I have seen a lot of people talking about usen dirt for a planted tank. wanted to know if anyone here has done it with thier tanks and P's..

ANd if so have you had any problems?
and how long did the dirt last in your tank. or is it a long term thing


----------



## Piranhaa (Jul 19, 2012)

I have never heard of ppl using dirt as gravel. 
Tho alot of ppl use it as the bottomlayer of the gravel, since it will help with the plant nutrition.


----------



## JustJoshinYa (Mar 25, 2006)

i used dirt for my planted tank, i used a mixture of ADA amazonia, some small fine gravel, sand, large gravel. it was all mized together and used as a substrate, it looked amazing and looked very natural and my plants loved it. it was in my tank for about 9 years and over the years all the smaller particles settled to the bottom. if you would stir the dirt a little it would let out a plum of dust that would cover the entire tank.

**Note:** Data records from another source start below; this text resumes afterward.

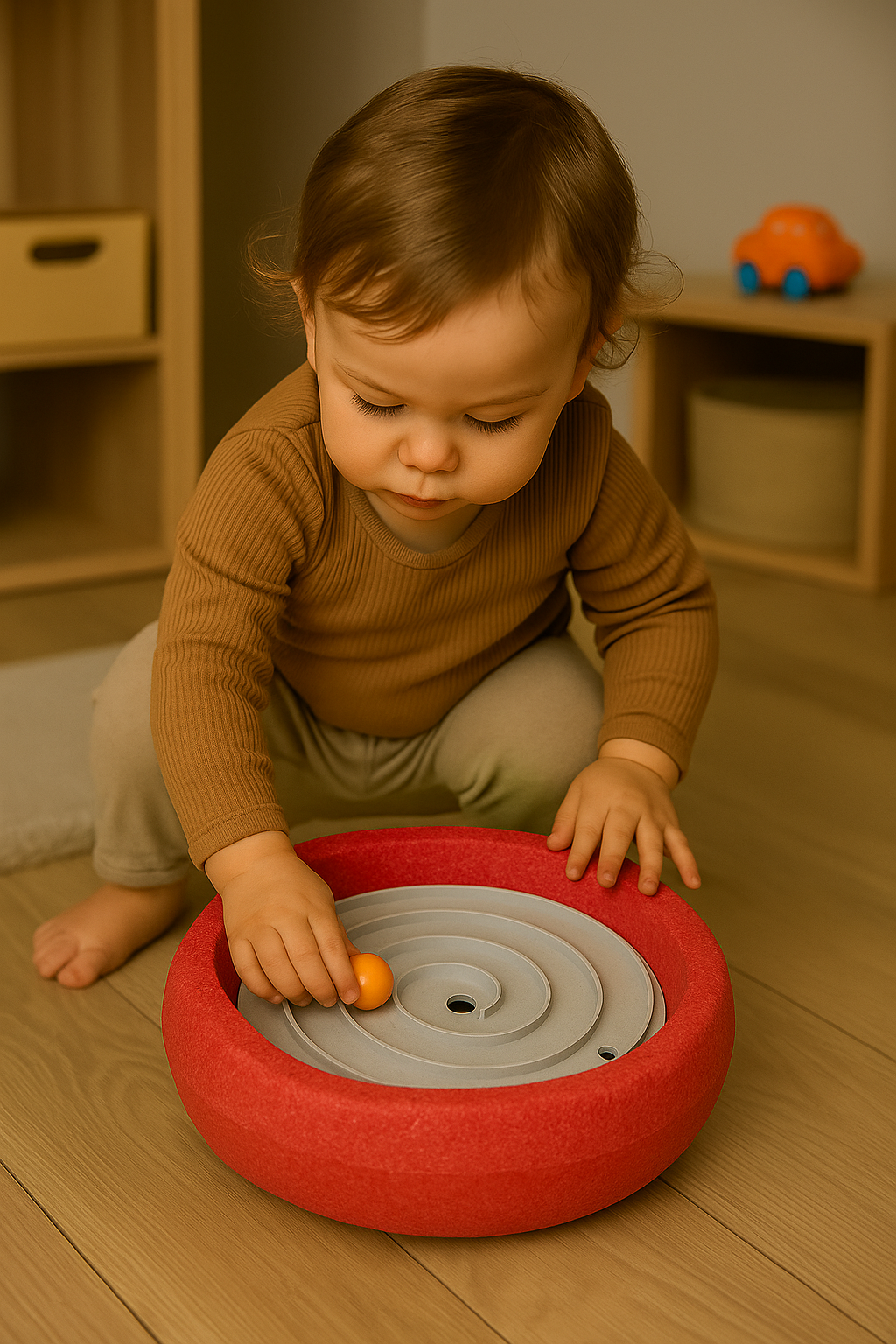 Deze uniek ontworpen insert is 3D-geprint en heeft een prachtig spiraalvormig reliëf waarin een balletje kan rollen. Perfect voor kleine handjes en nieuwsgierige ontdekkers die willen oefenen met beweging, coördinatie en concentratie.
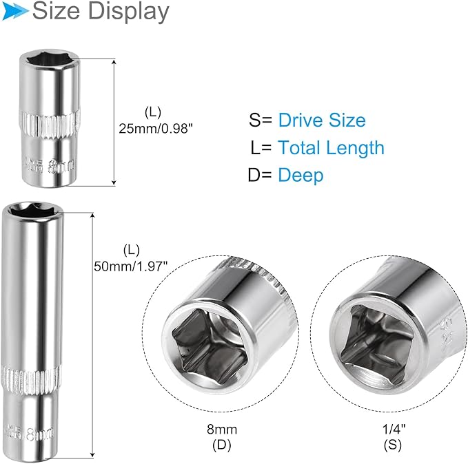 - ★ 6-Point Socket Size --- Drive: 1/4"; Deep: 8mm; Total Length: 25mm / 0.98",50mm / 1.97"; Package includes: 2 x Impact Socket.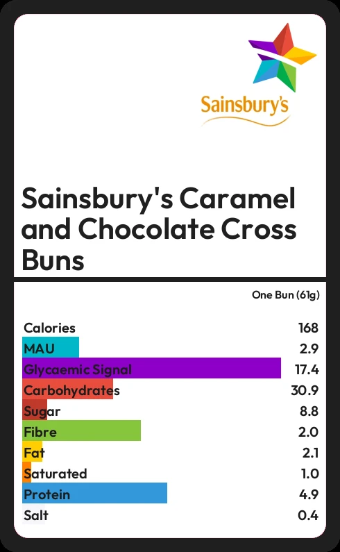 Sainsbury's Caramel and Chocolate Cross Buns contains 167.8 calories in one Bun (61g).

recently i switched to bare bottom as i moved to an apartment and had to break down my tank and set it back up, i was planning on using the dirt again but i washed the dirt to sift out the "dust" size dirt particles for a VERY VERY long time, set the tank back up and it looked like a mudd filled swamp. you could not see the feeder fish until they would literally bump into the glass. i emptied the tank and re washed the soil but still had issues with the water being too cloudy. i eventually just drained the tank and scooped out all the dirt cleaned the tank and refilled it with bare bottom.

i love the look of natural soil in a planted tank but would not go that route again as i had so many issues with it these years later, and algae is an issue when a dust plume would get stirred up.


----------



## scent troll (Apr 4, 2005)

there is special aquarium substrate you can use. digging up your back yard and adding it to a tank i would not recommend. it will have FAR too many particulates in it and clog the filters and may give the fishes gills a bit of harm.
stick to aquarium sand or substrate specifically made for water.


----------



## Robert_The_Doll (Sep 26, 2014)

Some people use John Innes No. 3 compost as a fertiliser with a layer of gravel over the top of it.

EDIT: Making sure its tampered down before covering with gravel.


----------